Um dos maiores alvos do Trump nesta guerra comercial é a empresa de tecnologia Huawei. Líder mundial no ramo de tecnologia de redes de quinta geração (5G), os Estados Unidos acusam a empresa de espionagem cibernética e de roubo de propriedade intelectual. Trump tem feito pressão para que seus aliados barrem a empresa chinesa na liderança da implementação do 5G em seus mercados nacionais. Apesar dos aspectos ligados à segurança, há o receio dos norte-americanos de perderem a concorrência no setor para os chineses. Além de muito mais veloz, a Internet 5G possibilita conexões simultâneas e maiores transferências de dados. Assim, é possível, por exemplo, suportar carros autoguiados e mesmo cidades inteligentes. A disputa, ao final, está em quem vai liderar a infraestrutura digital nas próximas décadas.
Pragmatismo no setor tecnológico
Neste contexto de ataques diretos de Trump à Huawei, o Brasil acaba no meio da guerra comercial entre as duas maiores economias do mundo. Como? A partir do leilão do 5G, um dos mais importantes eventos econômicos que ocorrerá no segundo semestre de 2020 no Brasil. Aguarda-se saber se o Brasil responderá às pressões de Trump e banirá a empresa chinesa do leilão. A Huawei quer liderar o desenvolvimento desta tecnologia no país. A empresa já está presente na infraestrutura de redes de telefonia móvel (cerca de um terço) e foi escolhida pela Agência Nacional de Telecomunicações (Anatel) para a realização de testes para a implantação do 5G no Brasil.

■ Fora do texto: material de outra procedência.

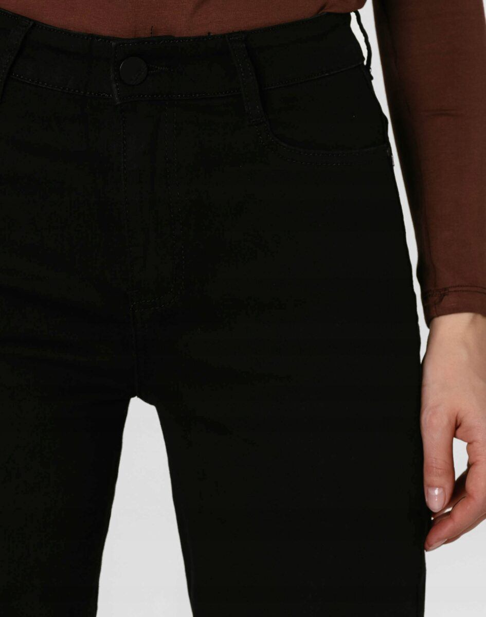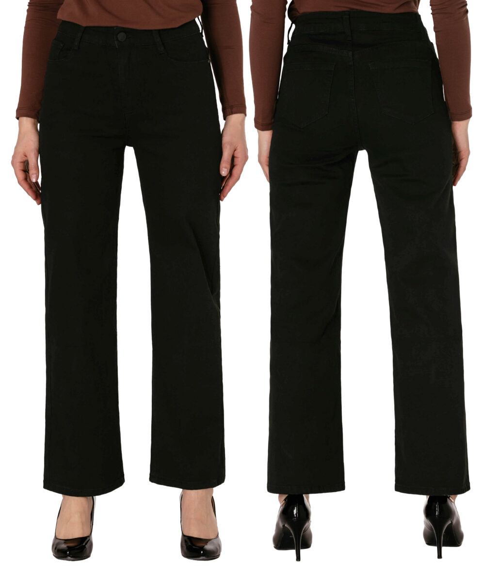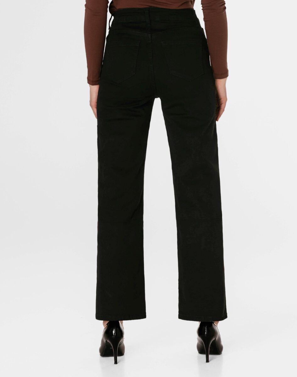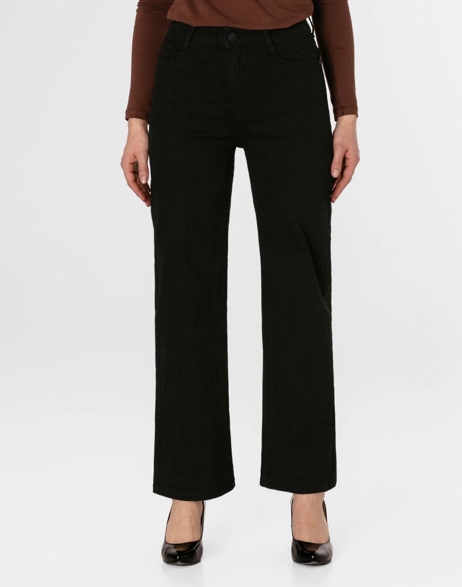 Spodnie model 2273# to powracające do łask jeansy damskie typu szwedyWide Leg w kolorze czarnym "Super Black", o charakterystycznych dla tego modelu nogawkach wide, rozszerzających się już od bioder. Wykonane z wysokiej jakości, trwałej i mocnej, sprężystej tkaniny jeansowej z domieszką lycry. Niewielki dodatek lycry sprawia, że spodnie są bardziej elastyczne, ładnie dopasowują się do sylwetki i są bardzo komfortowe w użytkowaniu. Łatwo się je zakłada i są znacznie wygodniejsze od jeansów, które lycry nie mają. Poza tym bawełna ma tendencję do kurczenia się w praniu, dlatego lycra sprawia, że spodnie są wyjątkowo praktyczne i można je bez problemu założyć po wysuszeniu. Pozwalają na pełną swobodę ruchów, co daje wygodę przy siadaniu i zapewnia ogromny komfort noszenia.

Em junho de 2019, a Huawei esteve representada oficialmente no III Diálogo de Alto Nível Brasil-China em Ciência, Tecnologia & Informação (C,T&I), presidida pelos ministros de C&T de ambos os países.

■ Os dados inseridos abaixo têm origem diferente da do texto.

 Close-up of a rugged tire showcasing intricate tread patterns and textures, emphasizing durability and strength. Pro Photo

O vice-presidente brasileiro afirmou que o governo não pretende restringir a presença chinesa no leilão do 5G. A previsão é que o edital do leilão saia em 2020, e não há uma posição oficial da Anatel, até o momento, se contrária, ou a favor da participação da Huawei. Bolsonaro afirmou no Japão, porém, dois dias antes de chegar à China, que a tecnologia 5G não está em pauta em seu governo. Esta declaração e a vinda de Xi Jinping à Brasília no próximo mês para a realização da cúpula dos Brics alimentam ainda mais as expectativas sobre como o governo se posicionará diante da entrada da Huawei em tecnologia 5G no Brasil.

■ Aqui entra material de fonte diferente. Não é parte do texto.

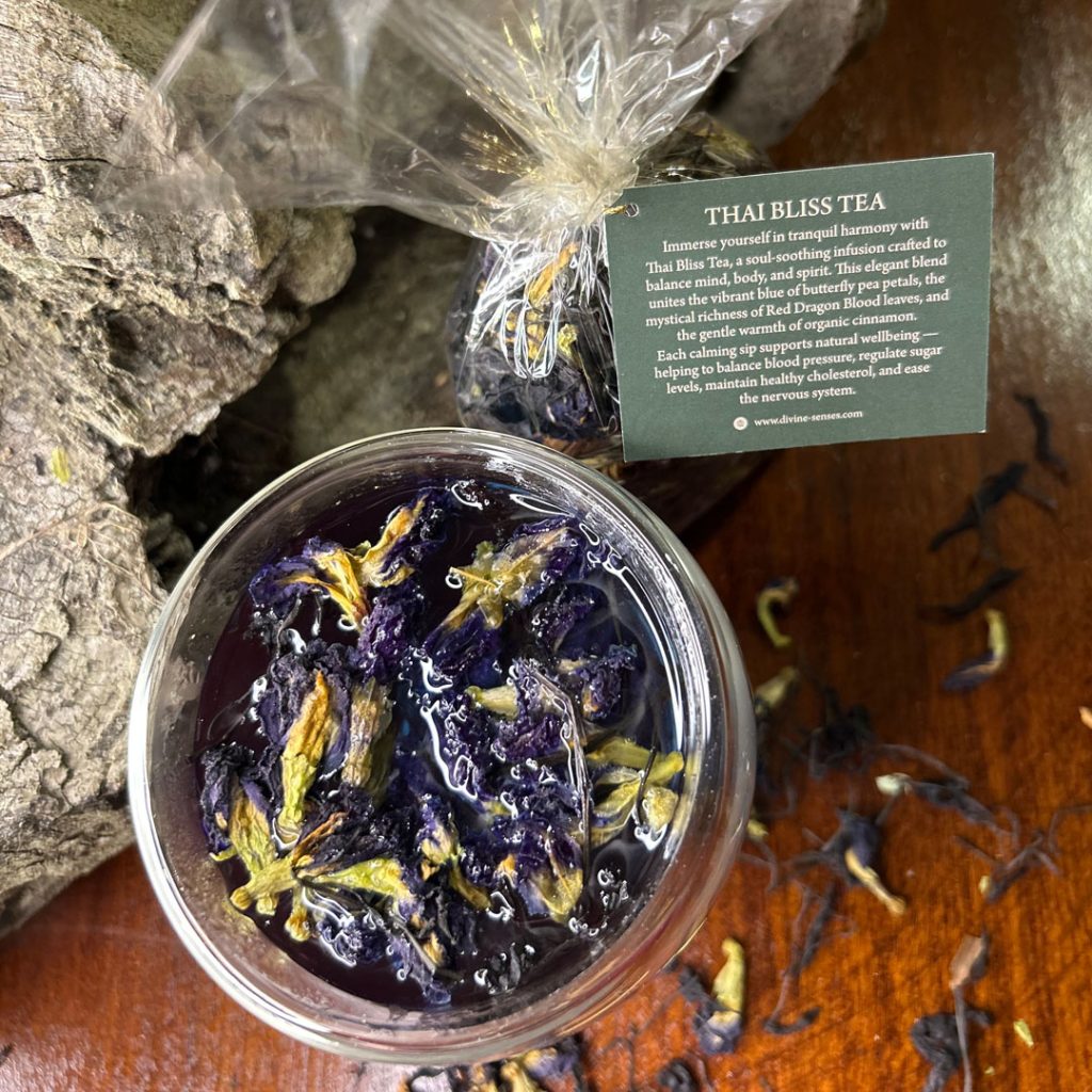 „Tajų Palaima” arbata išsiskiria ryškiai mėlyna spalva, kurią suteikia mėlynosios balnapupės žiedlapiai, giliu Red Dragon Blood arbatos skoniu ir šiluma dvelkiančiu ceilono cinamonu. Arbata yra visiškai be kofeino, todėl ją galima mėgautis tiek dieną, tiek vakare. Įspūdingas spalvos pokytis – nuo mėlynos iki violetinės – įvyksta įlašinus citrinos sulčių. Tai ne tik gėrimas, bet ir pojūčių kupinas ritualas, kuris suteikia ramybę, skatina sąmoningumą ir gerina savijautą.

Embora Bolsonaro possa evitar menções à Huawei em sua visita à Ásia, a pressão de Trump para um boicote à empresa de tecnologia chinesa não tende a ter efeitos políticos concretos no Brasil. Não obstante o alinhamento ideológico ao governo Trump, o Brasil é mais propenso a adotar um tom mais ponderado e pragmático em relação à China.
* Aline Regina Alves Martins é pesquisadora do INCT-INEU e doutora em Ciência Política pela Universidade Estadual de Campinas (Unicamp). É professora do bacharelado em Relações Internacionais e do Programa de Pós-Graduação em Ciência Política da Universidade Federal de Goiás (UFG).